Google Gemini is a next-generation AI model aimed at replacing Google’s existing AI architectures, including PaLM 2. It distinguishes itself from other large language models by not being solely trained on text. Google designed the model with multimodal capabilities in mind, pointing towards a more general-purpose future for AI. It can generate and process text, images, and other types of data such as diagrams and maps1.
Gemini allows these services to analyze or generate text, images, audio, videos, and other data types simultaneously. Unlike previous AI tools, which are restricted to a single data type, Gemini is a „multimodal“ model capable of processing more than one data type at a time1.
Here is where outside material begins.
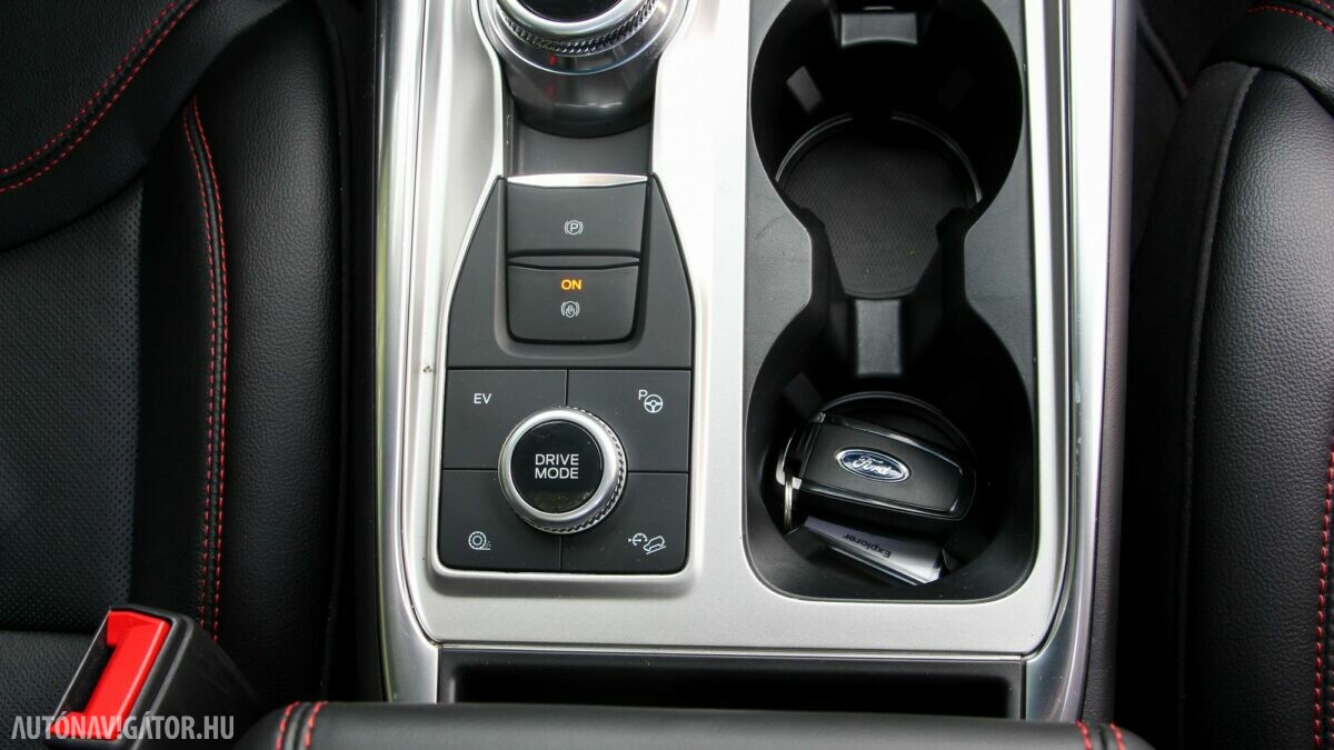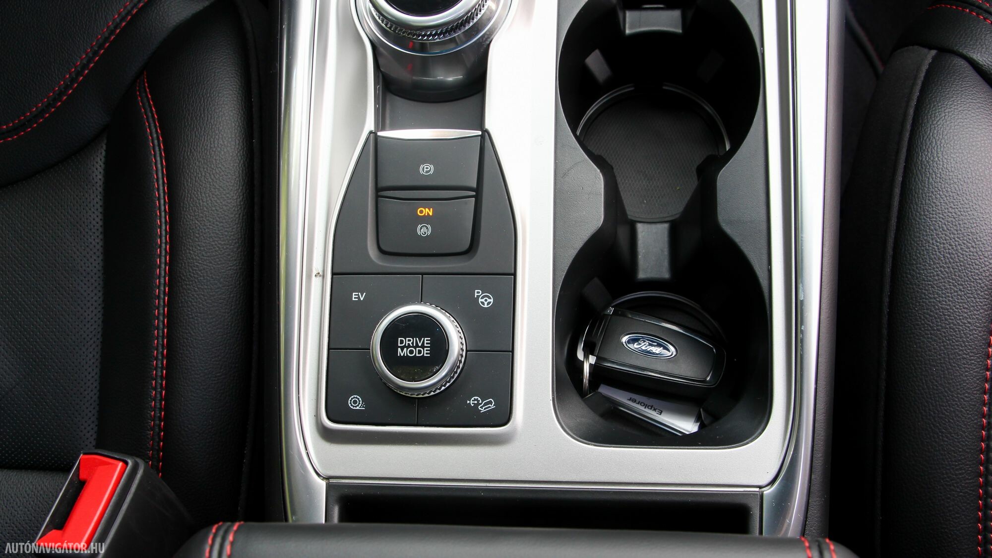 A villanymotor így a benzinmotor és a váltó között helyezkedik el, tisztán elektromos üzemben is a váltón keresztül (de kevesebb fokozatot használva) hajt, ha pedig hibridként használjuk az Explorert, a villanymotor pontosan azzal a fordulatszámmal dolgozik, amivel a benzinmotor is, így segít rá a hajtásra. Ha pedig nincs szükség az elektromos hajtásra, természetesen az amúgy a második sori ülések alá épített, kívülről is tölthető lítium-ion akkumulátort is táplálhatja generátorüzemben. Elképesztő belegondolni, hogy milyen számítógépes vezérlés kell ehhez a rendszerhez, de a dolog működik. A váltások olyan gyorsak és finomak, hogy teljesen észrevétlenek. Jót tesz az Explorer vezethetőségének, hogy a platformja alapvetően hátsókerekes (Amerikában az alapverzió csak hátul hajt), az európai, csakis PHEV verzió viszont mindenképp összkerekes: egy számítógépvezérlésű, a szenzorok jelei alapján a nyomatékosztást ezredmásodpercenként felülbíráló és elektromechanikus kuplunggal dolgozó rendszer dolgozik nekünk. Ezt kiegészíti még, hogy az ESP az elforgó kerekek fékezésével az oldalankénti nyomatékirányításra is képes, továbbá nem kevesebb, mint 7 menetmód által hangolhatjuk is az ESP-t egy forgókapcsolóval.

Gemini can also combine visual and textual data to generate more than one type of data simultaneously. Imagine an AI that not only writes the content of a magazine but also designs the layout and graphics for it. Or an AI that can summarize an entire newspaper or podcast based on the topics that matter most to you1.
A multimodal AI model like Gemini works with several main components that work together, starting with an encoder and a decoder. When given an input with more than one data type (like a piece of text and an image), the encoder extracts all relevant details from each data type (modality) separately. The AI then uses an attention mechanism to look for important features or patterns in the extracted data — essentially forcing it to focus on a specific task. Finally, the AI can fuse the information it has learned from different data types to make a prediction1.
Google has confirmed that Gemini will come in different sizes, but the exact technical details are not yet known. The smallest model could even fit on a typical smartphone, making it ideal for generative AI on the go. However, it’s more likely that Gemini will first come to the Bard chatbot and other Google services. Currently, Gemini is still in its training phase and will move on to fine-tuning and improving safety after completion1.